I asked a few perfunctory questions. He told me a bit about his limited experience with women, which involved failure to maintain an erection and difficulty staying in a relationship for more than a few weeks. The last time he’d had a girlfriend was eight years ago, when he was twenty-two. Bradley had a vacant, impervious quality I’d never encountered in anyone else. I described the surrogacy process to him and explained how it involved a gradual deepening of intimacy and regular feedback.

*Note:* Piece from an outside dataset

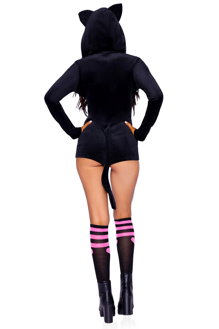 This Comfy Cat costume features a black, ultra-soft velvet romper with a zip up front with a bell zipper pull, attached hood with cat ears, long sleeves, and an attached tail.
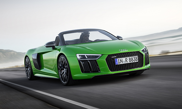 The most powerful Audi engine ever destined for series production is about to raise the tempo in what is already one of the most intoxicating driving machines offered by the brand – the open-air, high intensity R8 Spyder is to adopt the gloriously vocal 610PS V10 from the R8 V10 plus Coupé. The new Audi R8 Spyder V10 plus is capable of 0-62mph in a mere 3.3 seconds and a top speed in excess of 200mph, spurred on by its significant 70PS power advantage, and by a significant 25kg weight reduction, versus the ‘standard’ V10 Spyder.

Then it was time to go to the bedroom. I felt my stomach gather into a knot, so I took a deep breath while I led Bradley down the hall. Once we’d undressed I noticed that his skin had a purplish tinge to it. I don’t want him on my sheets, I thought, even though I knew that’s where we were headed. As we lay next to each other, I started working through various relaxation exercises, as much for myself as for him. I asked him to close his eyes and to take some deep breaths. He ignored me and started chattering about the drive over, the food in prison, his upcoming fishing trip, his growing dislike of his boss, and any number of other random topics. Every time I tried to encourage him to quietly focus on his body and take deep breaths he would stop talking for a few seconds and then return to rambling.
Lying beside him was difficult, and for the first and only time in my career, I decided to omit Spoon Breathing. I simply couldn’t stand to be that close to him. We began Sensual Touch. I knelt down on the floor and started touching Bradley’s feet. His toenails were too long and had crescents of grime beneath them. A voice in my mind screamed, Get the hell out of here! If only I could. By this time I had moved my office into my home. If I fled I would have to leave Bradley there. I continued up Bradley’s body. His skin was cold and clammy and the backs of his knees were crisscrossed with spider veins. He smelled of sweat and stale cigarettes.
Bradley had not stopped yammering and as I made my way up his body he started talking about things that made my flesh crawl. He told me about Gina, the child he had molested. She was the seven-year-old daughter of a former employer.
“Bradley, it’s important for you to try to concentrate on your body right now. Just follow my hands and notice what kind of sensations you have as I touch you.”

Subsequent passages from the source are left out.